A summary of the correlations between the BCVA and FT is shown in Table 2. The preoperative BCVA (in logMAR units) was significantly correlated to the preoperative FT (r = 0.43, P < 0.001, Spearman’s rank correlation coefficient). The postoperative BCVA was significantly correlated with the postoperative FT (r = 0.26, P = 0.03, Spearman’s rank correlation coefficient). The preoperative BCVA was significantly correlated with the postoperative BCVA (r = 0.44, P < 0.001, Spearman’s rank correlation coefficient, Figure 1). The preoperative FT was also significantly correlated with the postoperative BCVA (r = 0.24, P = 0.04, Spearman’s rank correlation coefficient, Figure 2). The mean of the visual improvement (preoperative BCVA – postoperative BCVA in logMAR units) was 0.10 logMAR units, and this improvement was correlated with the preoperative BCVA (r = 0.55, P < 0.001, Spearman’s rank correlation coefficient). Thus, the postoperative visual improvement was greater in eyes with initially poorer preoperative vision. However, the postoperative visual improvement was not significantly correlated with the preoperative FT (r = 0.21, P = 0.07, Spearman’s rank correlation coefficient). The reduction of FT (preoperative FT – postoperative FT) was strongly correlated with the preoperative FT (r = 0.80, P < 0.001, Spearman’s rank correlation coefficient). The reduction of FT was greater in eyes with thicker preoperative FT. The reduction of FT was also significantly correlated with the preoperative BCVA and postoperative visual improvement (r = 0.31, P = 0.008, and r = 0.24, P = 0.04, respectively, Spearman’s rank correlation coefficient).

Table 2

Correlation between visual acuity and foveal thickness

		r value	P value
Reduction of FT	Preoperative FT	0.80	<0.001*
Visual improvement	Preoperative BCVA	0.55	<0.001*
Postoperative BCVA	Preoperative BCVA	0.44	<0.001*
Preoperative BCVA	Preoperative FT	0.43	<0.001*
Reduction of FT	Preoperative BCVA	0.31	0.008*
Postoperative BCVA	Postoperative FT	0.26	0.03*
Visual improvement	Reduction of FT	0.24	0.04*
Postoperative BCVA	Preoperative FT	0.24	0.04*

Notes:

Spearman’s correlation coefficient by rank. Reduction of FT, preoperative FT – postoperative FT; Visual improvement, preoperative BCVA – postoperative BCVA in logMAR units.

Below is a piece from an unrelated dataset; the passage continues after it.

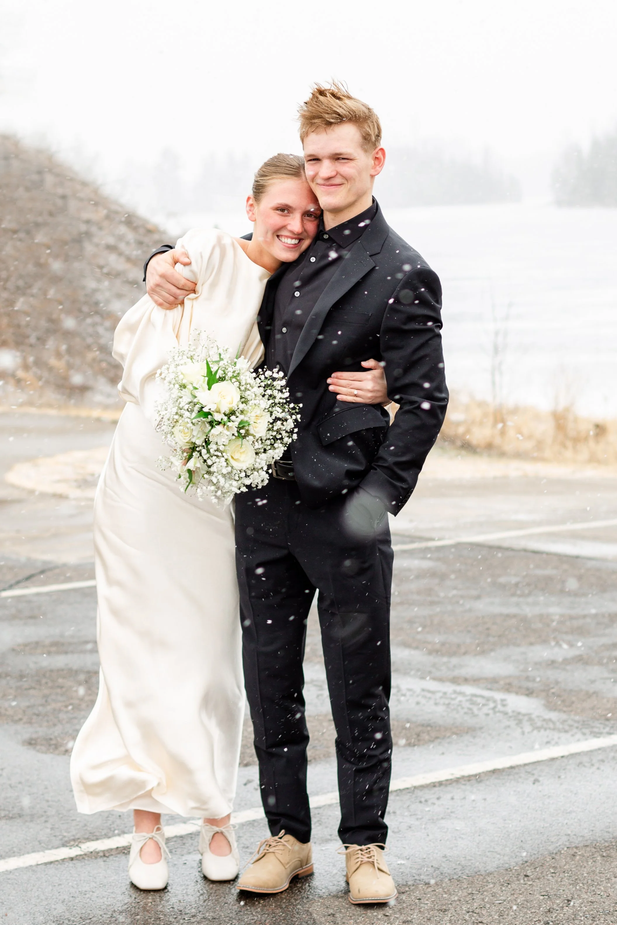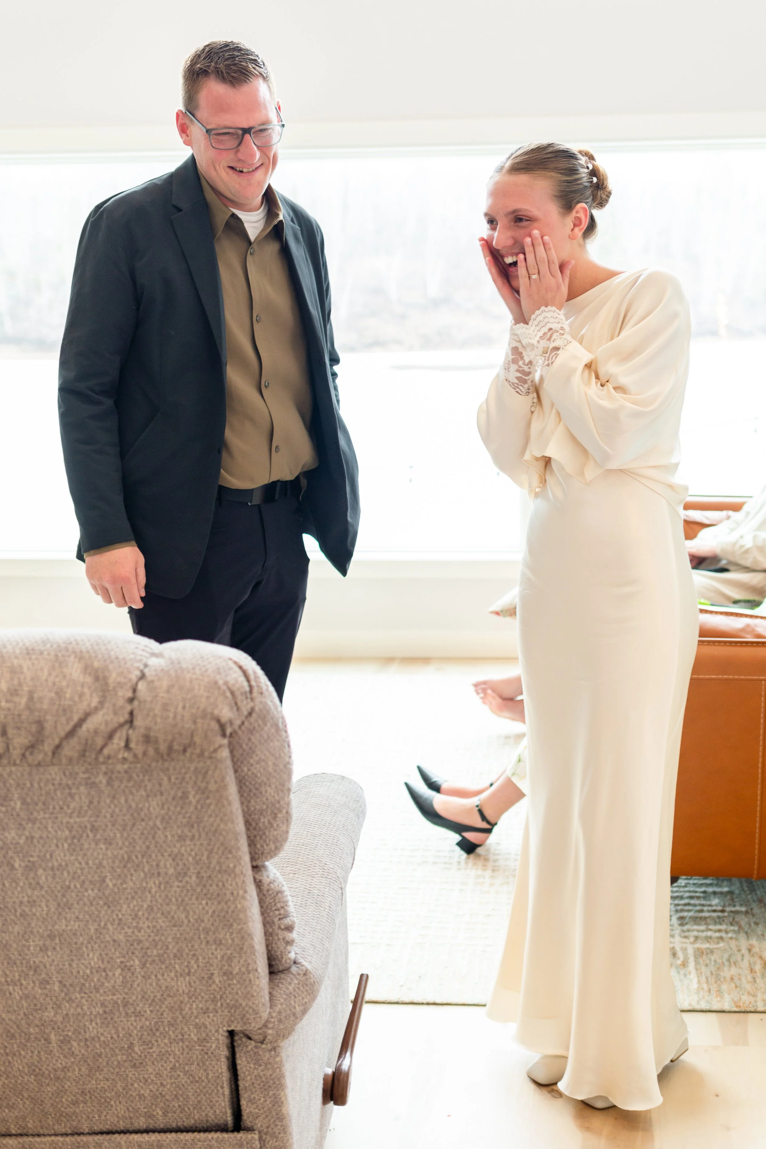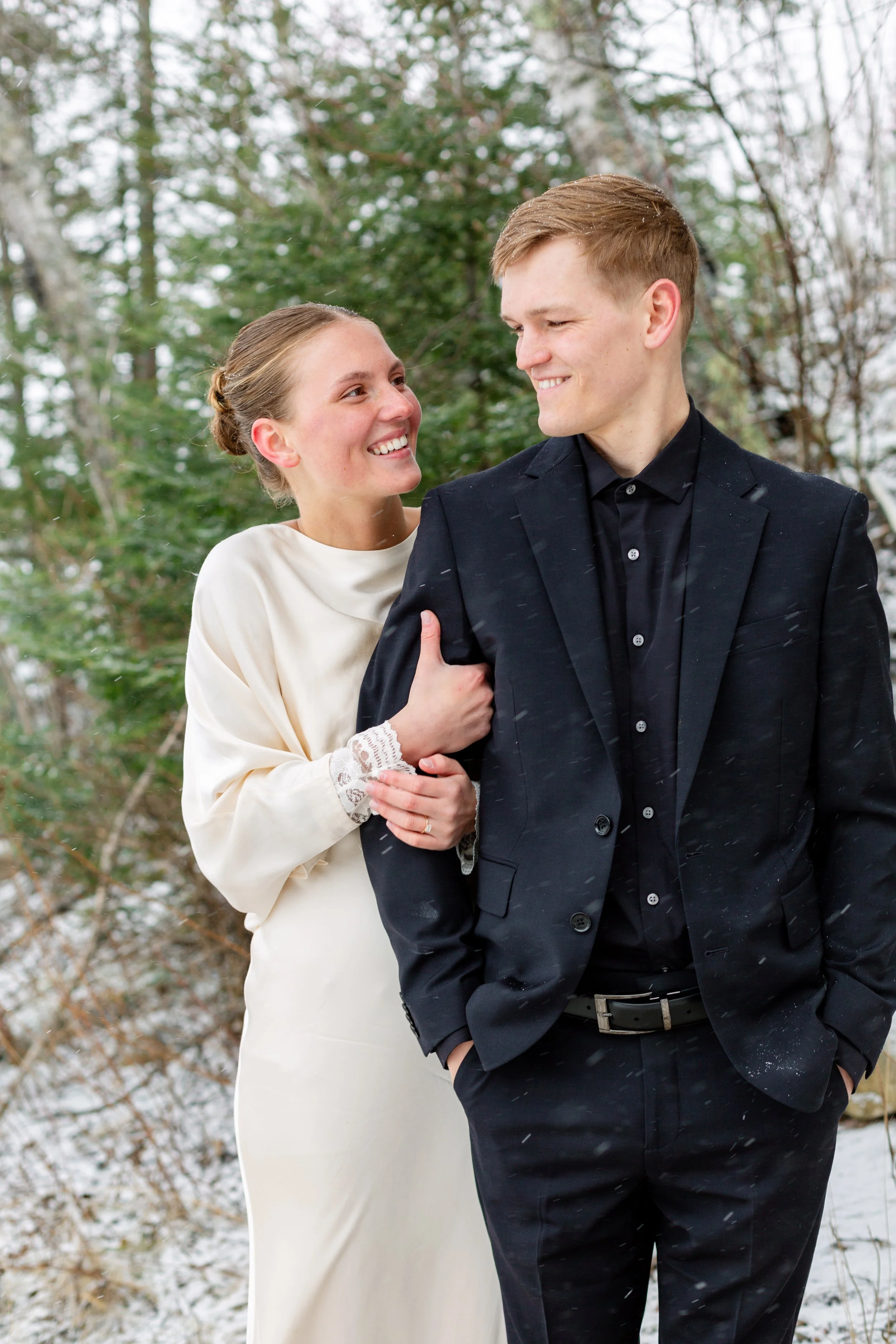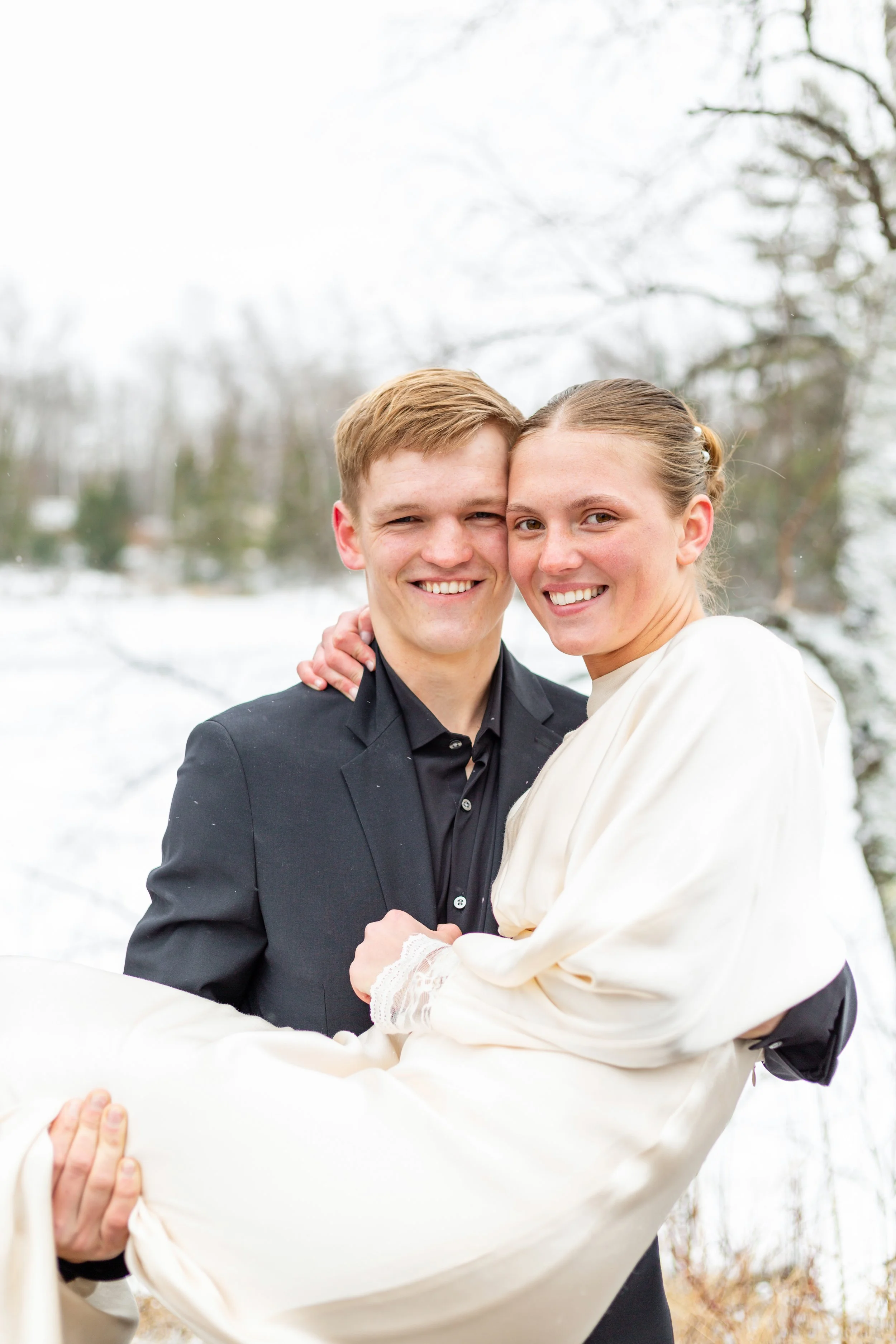 Kurt and Lilly were married last March on a very windy day! Funny enough, the weather for their engagement session was almost exactly the same. Lilly got ready at her parents place on Island Lake, which made for some great views and lighting. We met Kurt down at the boat launch for the first look and it was an absolute wind tunnel! The photos turned out really cute but instead of staying down there as planned, we went right back to the house and found less windy spots for photos there. :)

Abbreviations: FT, foveal thickness (μm); BCVA, best-corrected visual acuity in logarithm of the minimum angle of resolution (logMAR).

Figure 1

Coefficients of correlation between postoperative and preoperative BCVA. The postoperative BCVA at 6 months is significantly correlated with the preoperative BCVA (r = 0.44, P < 0.001, Spearman’s rank correlation coefficient).

Abbreviations: BCVA, best-corrected visual acuity; logMAR, logarithm of the minimum angle of resolution.

Figure 2

Coefficients of correlation between postoperative BCVA and preoperative foveal thickness. The postoperative BCVA at 6 months was significantly correlated with the preoperative foveal thickness (r = 0.24, P = 0.04, spearman’s rank correlation coefficient).

Abbreviations: BCVA, best-corrected visual acuity; logMAR, logarithm of the minimum angle of resolution.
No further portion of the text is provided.